After cancer I was trying to be that person, but that person had a routine of job and sport and family which I didn't have. But gradually I got more and more angry and crosser and crosser. At nothing in particular. The slightest little car incident would have me blowing the horn or gesticulating about the other person's inability to drive. The kids and Wendy were getting short shrift for no reason other than I could and the dog learned to stay out of the way!

It all came to a head recently when we'd been to see Wendy's Gran. She's the traditional matriarch and a lovely woman but she'd had a stroke recently and then we were all going over for her 90th birthday. We went over on the Sunday before going back to school and I just got so wound up that I was mean and sarcastic and just not the person I aspire to be.

Wendy let me know, there's only so much someone can take and she's taken way more than anyone should. We had a frank discussion and I have to find how to be Nick Hart before cancer again.

Walking round school I was in a real mess, if home isn't right then nothing is right. Talking to people helped I hope I didn't bore people as I try to leave things at home but I am a bit of an open book and people tend to know my emotions half way down a corridor sometimes.

I spoke to Belinda my little goddess of honesty and straight talking and she suggested flowers and /or chocolate. It had been ages since I had bought Wendy flowers and the girls had never had any so roses (flowers not chocolates) it was.

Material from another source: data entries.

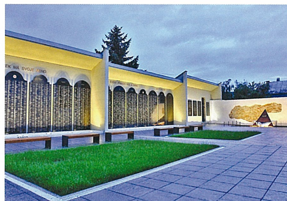
Bardejov, Slovakia, Holocaust memorial.

At the direction of the U.S. Congress's committees on appropriations, the Commission did a preliminary survey of sites abroad associated with foreign-born heroes of the American Revolution. Its report prompted a New York State Supreme Court justice to propose a memorial recalling Philip Mazzei, a neighbor of Thomas Jefferson, whose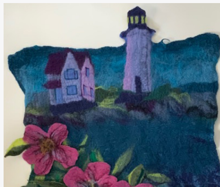
Felted Tapestry Workshop with Robin McCahill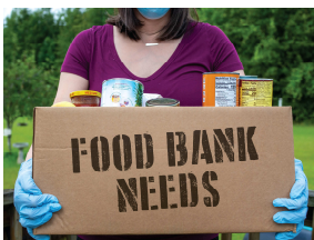
Lighthouse Food Pantry Collection for the month of February: skillet dinners

All in all, 2021 was a year of blessing in spite of the global pandemic! God is so good! In January of 2021, probably none of us could have imagined what the year would bring. None of us knows what God has in store for us in 2022. There is one sure thing, though. The Bakerstown Mission Team is excited to discover how God is calling our congregation to serve next!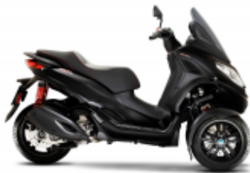
MP3 300 + $0.00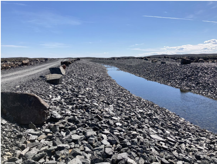
Photograph H10-6 South Whale Tail Channel

Description: From approx. Sta. 0+450 (Lake A45 area), looking northwest.

Bertie is a fabulously rubbish guard dog until you're trying to walk in with bunches of roses for the ladies you love. Sometimes words come and sometimes they don't, I gave the girls their single rose each and explained that I'd been so proud of them and that I don't feel like I've been a very good dad this last year. Not my fault I know but I should have been better. It set the waterworks off I was crying the girls were crying Wend was crying and it was such a release. Such a release of emotion of thoughts of nick after cancer. It was my starting point.